#### DATA EXCERPTS
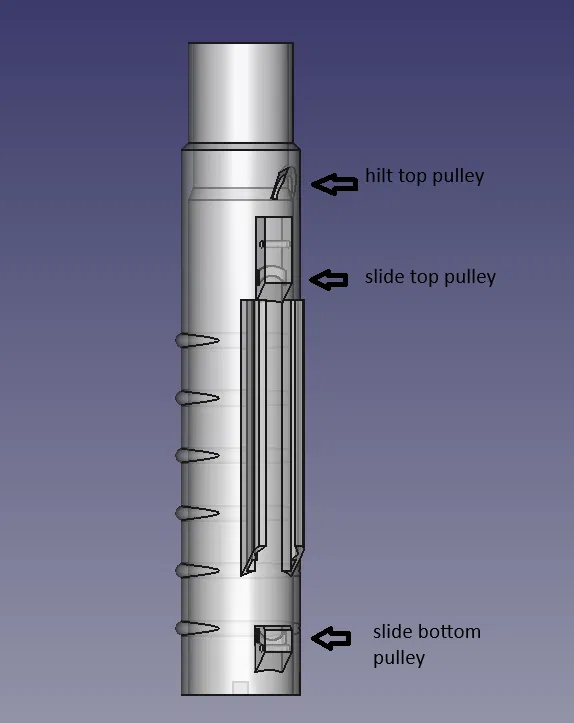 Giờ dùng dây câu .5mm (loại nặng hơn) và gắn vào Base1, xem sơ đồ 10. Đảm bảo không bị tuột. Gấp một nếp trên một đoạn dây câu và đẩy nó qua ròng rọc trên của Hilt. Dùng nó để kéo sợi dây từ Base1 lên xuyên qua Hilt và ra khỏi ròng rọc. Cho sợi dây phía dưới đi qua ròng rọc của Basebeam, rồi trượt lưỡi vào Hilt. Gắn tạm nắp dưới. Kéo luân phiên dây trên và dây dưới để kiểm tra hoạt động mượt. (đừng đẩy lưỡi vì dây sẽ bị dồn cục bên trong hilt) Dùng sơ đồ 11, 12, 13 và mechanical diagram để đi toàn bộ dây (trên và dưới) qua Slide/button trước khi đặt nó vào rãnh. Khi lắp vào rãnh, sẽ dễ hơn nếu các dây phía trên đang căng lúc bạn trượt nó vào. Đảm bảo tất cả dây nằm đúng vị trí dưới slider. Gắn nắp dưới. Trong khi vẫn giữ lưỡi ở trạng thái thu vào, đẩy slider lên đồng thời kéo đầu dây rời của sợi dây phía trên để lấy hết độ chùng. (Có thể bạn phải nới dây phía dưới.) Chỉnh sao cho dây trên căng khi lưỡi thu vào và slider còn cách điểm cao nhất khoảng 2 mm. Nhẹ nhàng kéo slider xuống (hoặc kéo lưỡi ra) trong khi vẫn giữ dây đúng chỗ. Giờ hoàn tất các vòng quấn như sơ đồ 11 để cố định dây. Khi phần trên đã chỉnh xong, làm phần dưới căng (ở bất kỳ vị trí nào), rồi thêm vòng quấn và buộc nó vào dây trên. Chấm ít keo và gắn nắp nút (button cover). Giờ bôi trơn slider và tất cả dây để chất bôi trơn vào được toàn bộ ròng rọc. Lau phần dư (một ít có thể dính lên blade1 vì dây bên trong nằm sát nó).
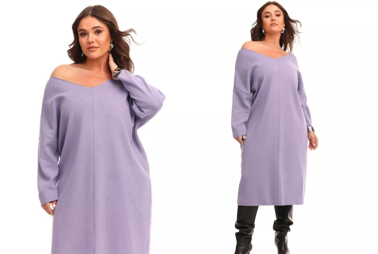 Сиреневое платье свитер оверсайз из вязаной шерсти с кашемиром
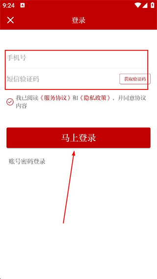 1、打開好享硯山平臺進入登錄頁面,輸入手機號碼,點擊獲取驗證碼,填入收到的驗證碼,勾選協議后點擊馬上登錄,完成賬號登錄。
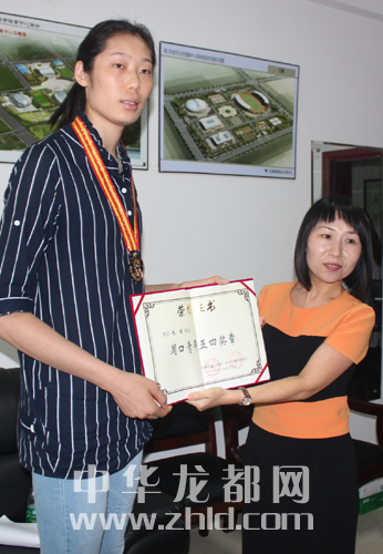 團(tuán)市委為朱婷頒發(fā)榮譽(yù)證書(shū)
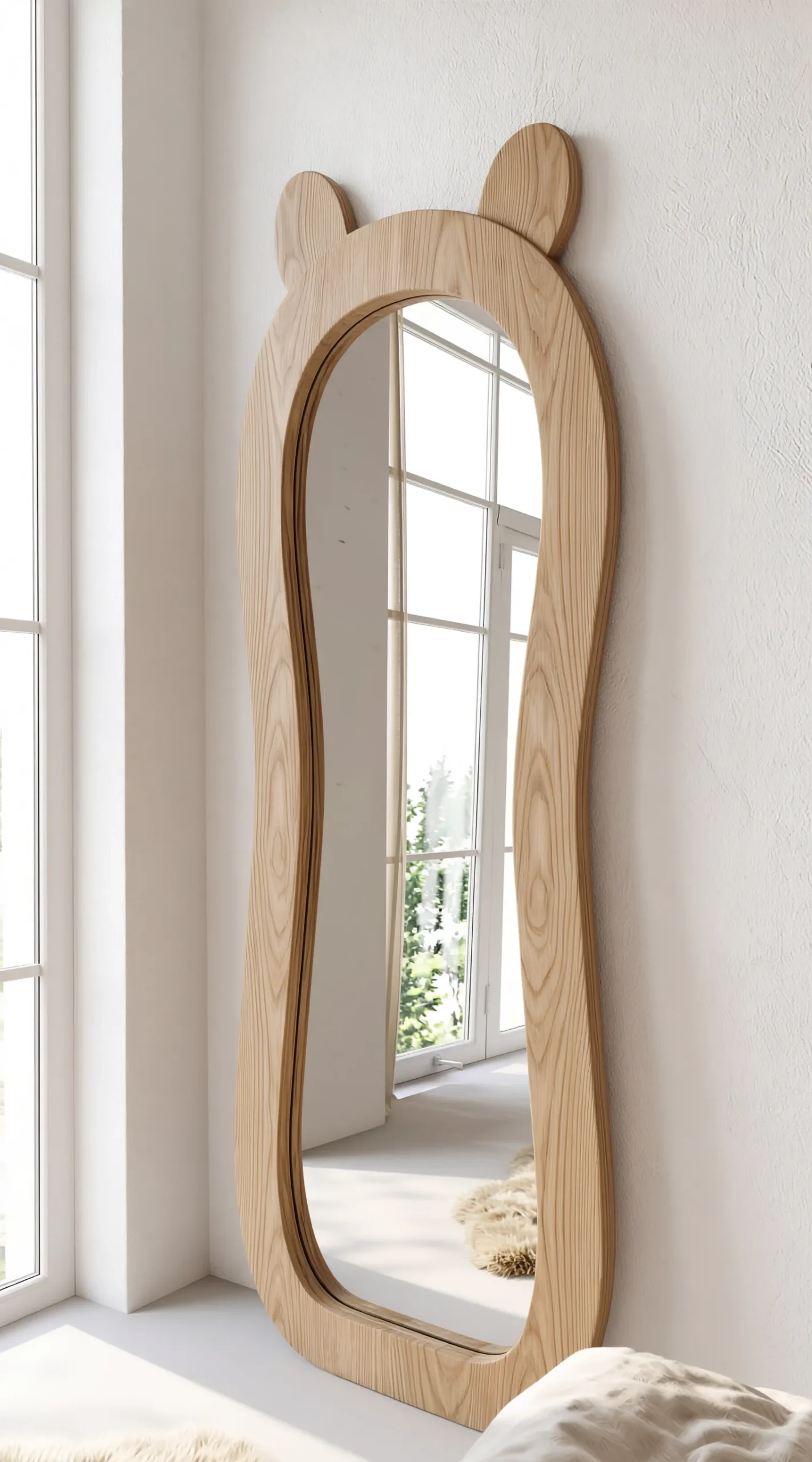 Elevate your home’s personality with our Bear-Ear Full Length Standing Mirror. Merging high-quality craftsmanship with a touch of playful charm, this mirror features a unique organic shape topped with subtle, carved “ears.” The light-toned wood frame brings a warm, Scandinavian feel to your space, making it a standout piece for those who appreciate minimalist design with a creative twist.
########
#### DATA EXCERPTS
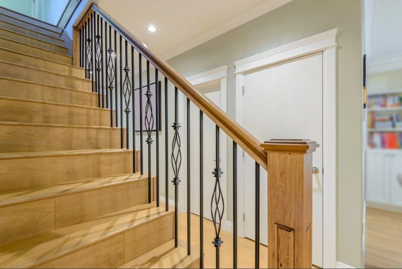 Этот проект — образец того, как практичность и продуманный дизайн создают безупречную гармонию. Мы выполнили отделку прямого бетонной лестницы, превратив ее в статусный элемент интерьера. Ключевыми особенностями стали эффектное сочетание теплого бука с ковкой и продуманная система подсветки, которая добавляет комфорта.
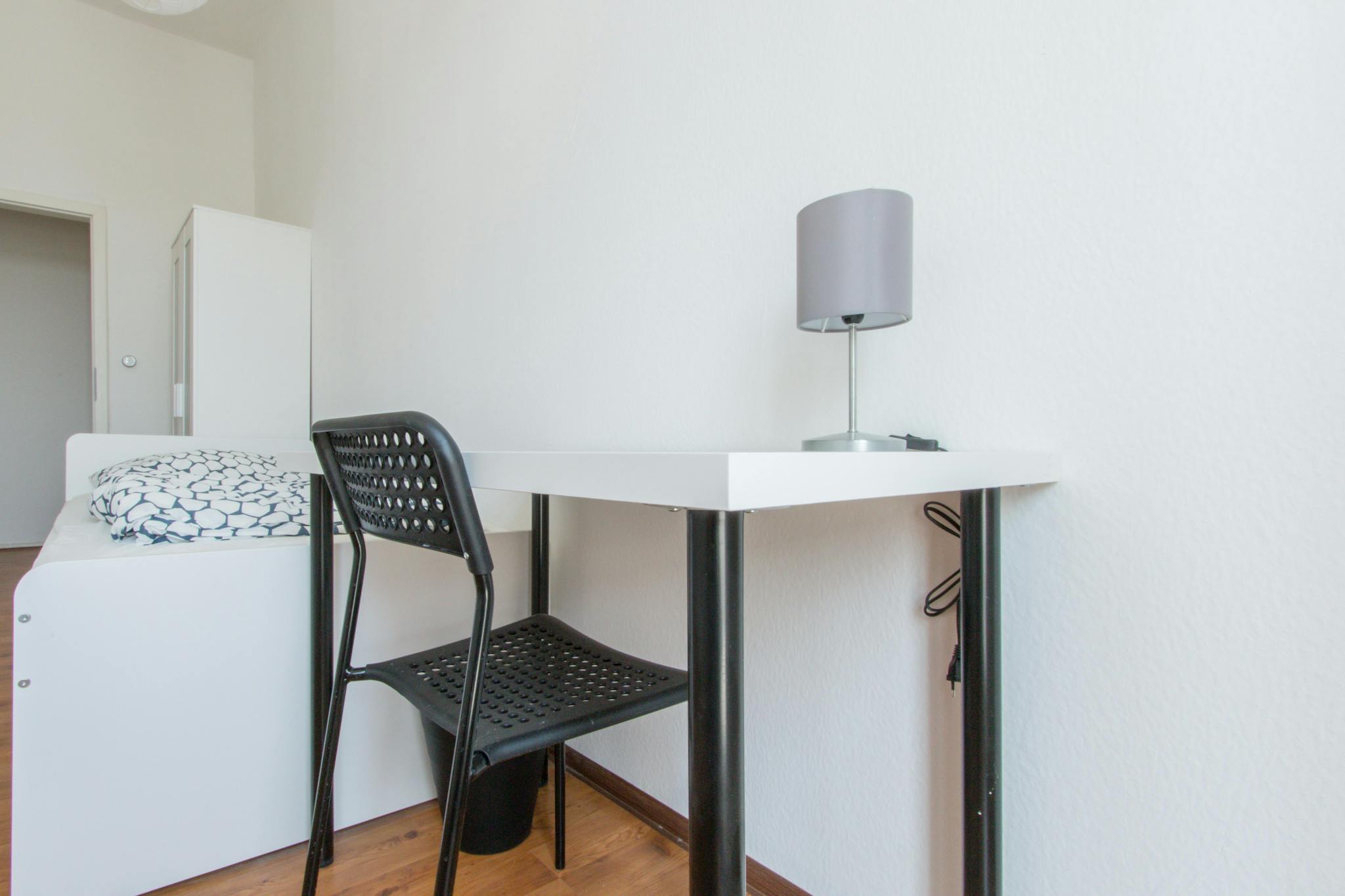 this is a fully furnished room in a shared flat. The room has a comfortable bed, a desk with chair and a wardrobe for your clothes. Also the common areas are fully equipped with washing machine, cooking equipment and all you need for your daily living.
########
#### DATA EXCERPTS
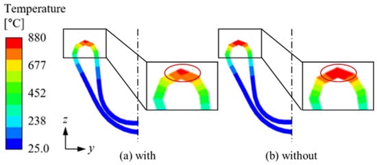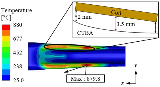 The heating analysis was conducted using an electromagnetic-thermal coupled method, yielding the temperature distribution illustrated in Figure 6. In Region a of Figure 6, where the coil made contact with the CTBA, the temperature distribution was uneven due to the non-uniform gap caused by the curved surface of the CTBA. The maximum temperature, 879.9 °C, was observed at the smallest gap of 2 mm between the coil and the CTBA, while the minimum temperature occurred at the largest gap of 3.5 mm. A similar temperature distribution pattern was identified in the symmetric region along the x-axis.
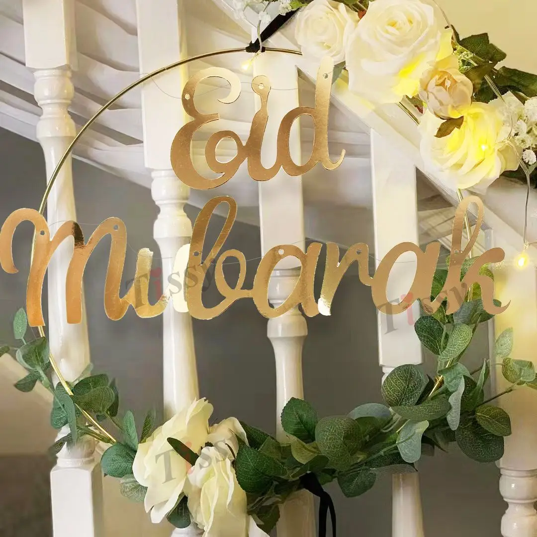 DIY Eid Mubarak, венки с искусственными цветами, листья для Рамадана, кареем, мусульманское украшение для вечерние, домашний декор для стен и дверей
########
EXERCISE INSTRUCTIONS >>
Leaving all pictures out, output exactly the lines of the material above from the line with "The heating analysis" to the line with "DIY Eid Mubarak, венки", both included.

OUTPUT BELOW >>
 The heating analysis was conducted using an electromagnetic-thermal coupled method, yielding the temperature distribution illustrated in Figure 6. In Region a of Figure 6, where the coil made contact with the CTBA, the temperature distribution was uneven due to the non-uniform gap caused by the curved surface of the CTBA. The maximum temperature, 879.9 °C, was observed at the smallest gap of 2 mm between the coil and the CTBA, while the minimum temperature occurred at the largest gap of 3.5 mm. A similar temperature distribution pattern was identified in the symmetric region along the x-axis.
 DIY Eid Mubarak, венки с искусственными цветами, листья для Рамадана, кареем, мусульманское украшение для вечерние, домашний декор для стен и дверей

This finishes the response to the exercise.